JS: Well, I've been interested in social action. For example, in this document, which I'm going to leave with you, I was involved in getting my high school diploma, which we didn't receive in 1942, together with my Japanese classmates, and I don't know if you recall, we may have briefly talked about that. And fifty-nine years after graduation we finally got our high school diplomas. And then the main thrust of my interest in pursuing that matter was the valedictorian of Lincoln High School, the graduation class of 680-plus students, that year was to be George Kurose, a Nisei. That year, because it was a Japanese, the faculty in February of 1942 decided -- they already knew he was going to be valedictorian -- they eliminated the valedictorian. And so I wanted to do justice to George and wanted us to get a diploma. So together with Dr. Magden, who was the author of Furusato, he wrote a book in 1998 about the Japanese in Pierce County, the county that encompassed Tacoma. And through his help and the former superintendent, the Tacoma School Board decided to give us a diploma fifty-nine years later. And then sixty years after graduation, at the class reunion of Lincoln High School, their 60th class reunion, George Kurose, for some fortunate reason, his children suggested and encouraged him to attend the reunion. And his good friend George Hayashi, a classmate, strongly encouraged him. And they attended the 60th reunion. And when our class president saw the replies from former graduates, he saw the name George Kurose was going to attend, so he arranged with the superintendent of the Tacoma Public Schools that the class be allowed to award George Kurose the valedictorian medallion, which the superintendent approved of. And much to the surprise of George Kurose, he received the valedictorian medallion sixty years late. So I was, played a very active role in that. Then as you know, my wife is very active about historical matters, and she's just in the process of submitting her book to a publisher about her parents. (Nisei Mom and Issei Father). And we were very much interested in the patriotism memorial in Washington, D.C., I think, and we donated to that, and we attended the ceremony where they officially installed it or whatever you want to call it. And we donated toward the Japanese American Museum. And so I'm glad to hear that you are involved in the sorts of things that we're interested in preserving.

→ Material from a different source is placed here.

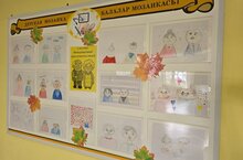 В рамках празднования Всемирного Дня учителя в школе была оформлена выставка детских рисунков./Бөтендөнья Укытучылар көнен бәйрәм итү кысаларында мәктәптә балалар рәсемнәре күргәзмәсе оештырылды. 03.10.2025

As I mentioned, every year I give a talk at the local high school history class, I've been doing this about ten years. I give a lecture about my experiences during World War II. And last year I heard from the high school at Inglewood High, in the graduation forum that the students made out at the end of the year for this high school history teaching. They said that the best thing that they had for the school year was my lecture. So that made me happy. So I'm very grateful to people like yourself and Richard, that you're preserving the heritage at Manzanar camp. And it's nice to hear that this is the most successful of all the camps. I think that's very important.

EB: Uh-huh, I do, too. It's a pleasure to...

JS: And when I, on occasion, the people that I come in contact with at the university, when the opportunity arises they ask me about it, and so they're very... most of them were not aware that we were placed in concentration camps, so they were very interested. In fact, one of my colleagues, my successor at the university, her son did a junior high school project and he interviewed me. And he got an A grade on his interview.

EB: So I was thinking of your career. I remember when I interviewed your wife, she was telling me about your sabbaticals in Germany.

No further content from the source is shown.